> HOW TO COMPLETE THIS TASK
Look through the entries below and extract exactly the lines from the one containing "A stylish square" through the one containing "TuS RW Koblenz", ends included.

> SUPPLIED RECORDS
*** Begin section ***
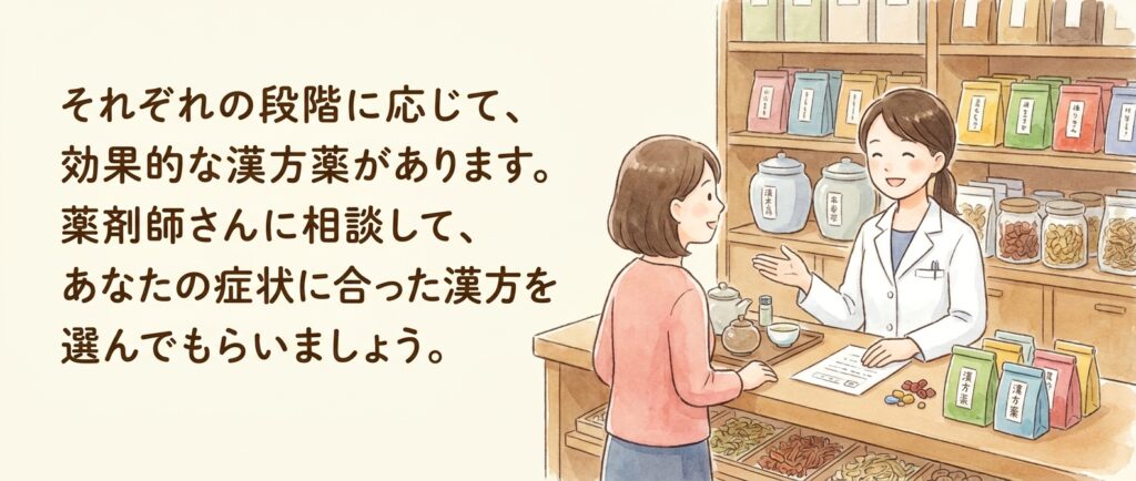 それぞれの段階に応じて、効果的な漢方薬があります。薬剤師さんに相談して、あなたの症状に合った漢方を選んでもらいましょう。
*** End section ***
*** Begin section ***
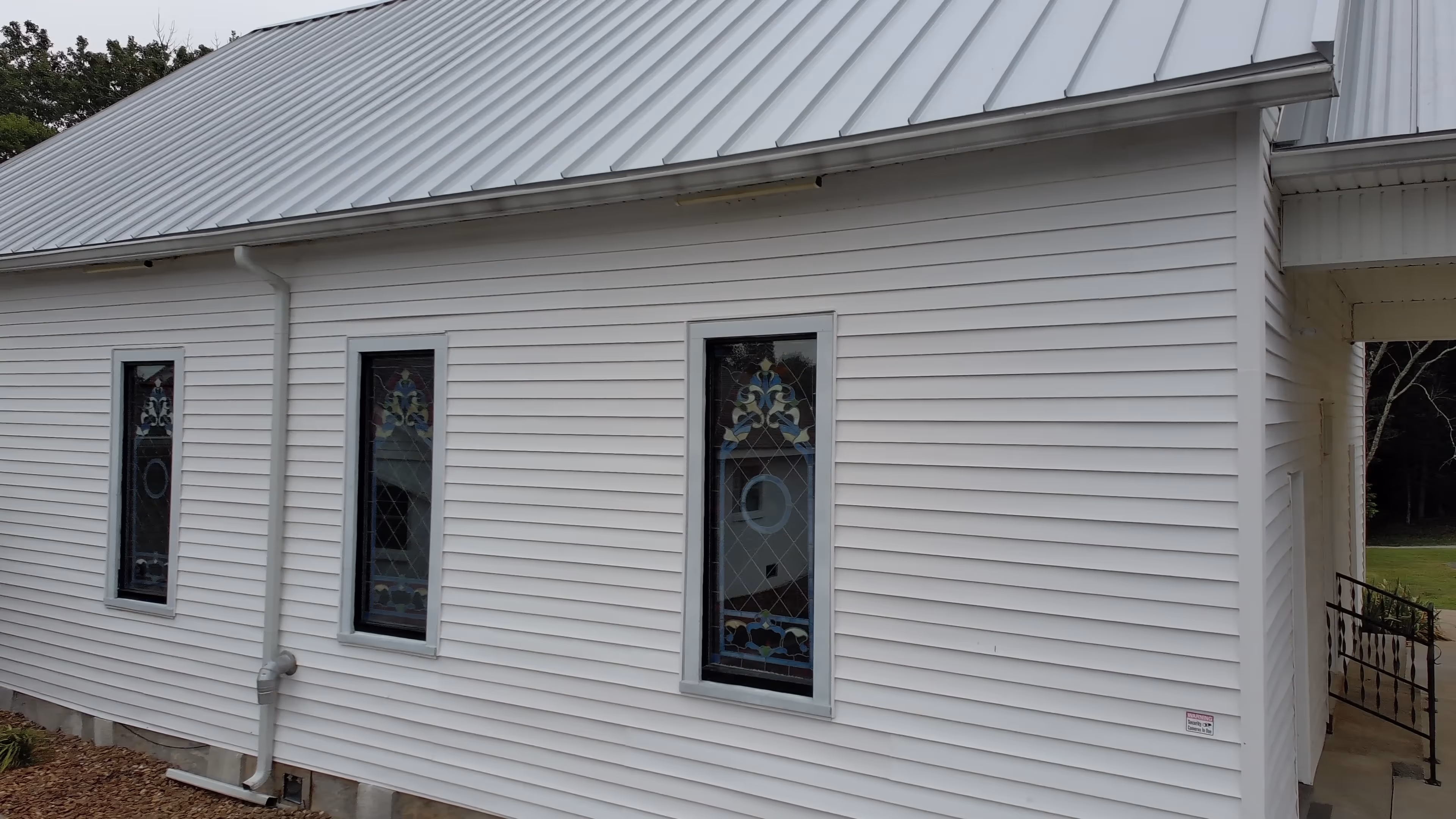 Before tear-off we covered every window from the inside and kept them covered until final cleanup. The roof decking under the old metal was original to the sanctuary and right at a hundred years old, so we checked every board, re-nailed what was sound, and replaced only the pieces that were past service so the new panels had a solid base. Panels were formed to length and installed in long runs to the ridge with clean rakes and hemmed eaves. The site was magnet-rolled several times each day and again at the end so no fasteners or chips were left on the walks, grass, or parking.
*** End section ***
*** Begin section ***
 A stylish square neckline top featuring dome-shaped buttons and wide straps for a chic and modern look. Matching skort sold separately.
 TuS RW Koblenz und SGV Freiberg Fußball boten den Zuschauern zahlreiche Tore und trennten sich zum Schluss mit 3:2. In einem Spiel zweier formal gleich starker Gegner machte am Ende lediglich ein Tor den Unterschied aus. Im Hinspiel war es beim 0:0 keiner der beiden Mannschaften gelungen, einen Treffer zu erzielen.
*** End section ***
> OUTPUT
 A stylish square neckline top featuring dome-shaped buttons and wide straps for a chic and modern look. Matching skort sold separately.
 TuS RW Koblenz und SGV Freiberg Fußball boten den Zuschauern zahlreiche Tore und trennten sich zum Schluss mit 3:2. In einem Spiel zweier formal gleich starker Gegner machte am Ende lediglich ein Tor den Unterschied aus. Im Hinspiel war es beim 0:0 keiner der beiden Mannschaften gelungen, einen Treffer zu erzielen.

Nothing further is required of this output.